Needless to say, The Rhythm of Being is a lengthy text with not a little repetition, in effect weaving together an interreligious theological and philosophical tapestry that advances thinking God, the human, and the cosmos beyond the monadic tendencies of the West and the polyvalent expressions of the East. Panikkar recognizes the contemporary context of religious pluralism and interculturality, and for that very reason concerns himself with the question of the Whole that “appears only within the corresponding mythos about the real in which we happen to believe” (32). Panikkar’s aim is “to present a possible orientation” (11) – what could be called an ‘orientation of recognition,’ recognizing the ‘interindependence’ of the three unified parties of the ‘cosmotheandric intuition’: God, the human, and the cosmos. For Panikkar, such recognition is achieved through a generous yet ascetic path of contemplation, silence and purity of heart – “the witness of the third eye” (241) that beholds the ‘ontonomic order’ of a sacred ‘kosmology.’ Nevertheless, Panikkar envisions a ‘sacred secularity’ wherein “we cannot locate the Divine without destroying it” (320). The divine is inextricably enmeshed with the human and the cosmic, where being is becoming, and becoming is life, and life is the tempiternal creatio continua in which every creature is a co-creator in a perpetual rhythmic becoming.

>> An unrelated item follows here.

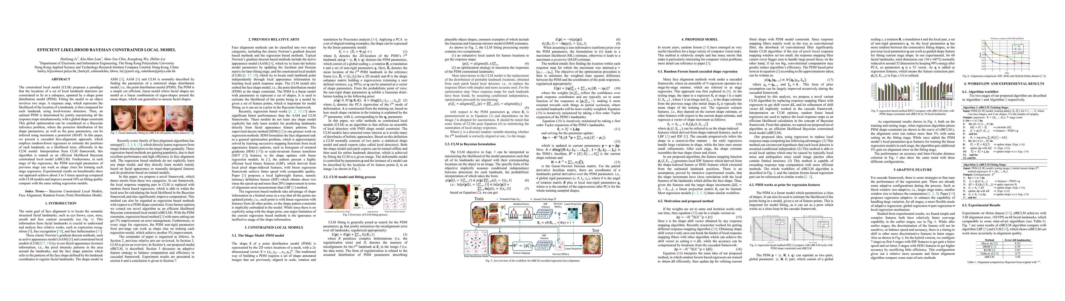 The paper introduces an efficient likelihood Bayesian constrained local model (elBCLM) for face alignment, employing random-forest regressors to quickly estimate landmark positions within a constrained local model framework. The approach achieves significant speed improvements and slightly better fitting quality compared to traditional CLM models.

Such a ubiquitous conception of the Whole manifests “the ultimate triadic structure of reality” (55) – an ‘adualistic space’ in which no logos gives itself without pneuma, and wherein the ‘advaitic intuition’ “harmonizes the Whole and the part” (30). Drawing from his earlier work, Panikkar asserts the homology between ‘Being’ and ‘Christophany’: “without necessarily having to subscribe to a christian interpretation, one of the most powerful symbols of Man is the figure of Jesus Christ encompassing (not to say incarnating) in himself corporeality (matter), humanity (consciousness), and divinity (infinitude)” (304). Ultimately, Panikkar insists that the ‘advaitic’ and ‘cosmotheandric’ intuitions are not accessed by discursive reason, but are revealed in and through “symbolic knowledge and an overcoming (not denying) of rationality” (212).

An important note, regarding The Rhythm of Being, is Panikkar’s choice to omit what would have been Chapter nine of the volume, ‘The Survival of Being.’ Panikkar’s deliberation concerning this decision is found in the Epilogue of the book:

Led by the enthusiasm aroused by the Gifford Lectures in 1989, I imagined that I could tackle a subject that proved to transcend the powers of my intellect. I must admit that all ultimate questions cannot have final answers, but that we can at least be aware of the problem we have presented. I have touched the limits of my understanding and must stop here. The Tree of Knowledge again and again tempts one at the cost of neglecting the more important tree, the Tree of Life. How can human thinking grasp the destiny of life itself, when we are not its owners? Such statements bespeak the great humility and care with which Panikkar approaches questions concerning the opaque eschatological.

While The Rhythm of Being levels sharp critiques against monotheism, prevailing technocracies and narrow empirical worldviews informed by an ideology of biological evolutionism, the book opens itself to a feminist critique for its unhappy choice to use the term ‘Man’ in reference to humanity (cf. 295-296, 400-401), and its employment of virtually exclusive masculine pronouns in reference to the divine. Though this problem has more to do with the shortcomings of the English language than oversight on the part of Panikkar, it presents an obstacle that the reader must look beyond in order to discover the riches of Panikkar’s thought.

Overall, Panikkar’s The Rhythm of Being is a masterpiece, collating a lifetime’s work in a systematic series of lectures that exemplify the task of comparative theology in order to proffer an adequate and convincing response to the question of being, and to stave off the threat of cosmic ‘unbecoming’ (377). Living with one foot in the East and the other in the West, Panikkar is able to effectively bring the great religious traditions of the world into fruitful conversation.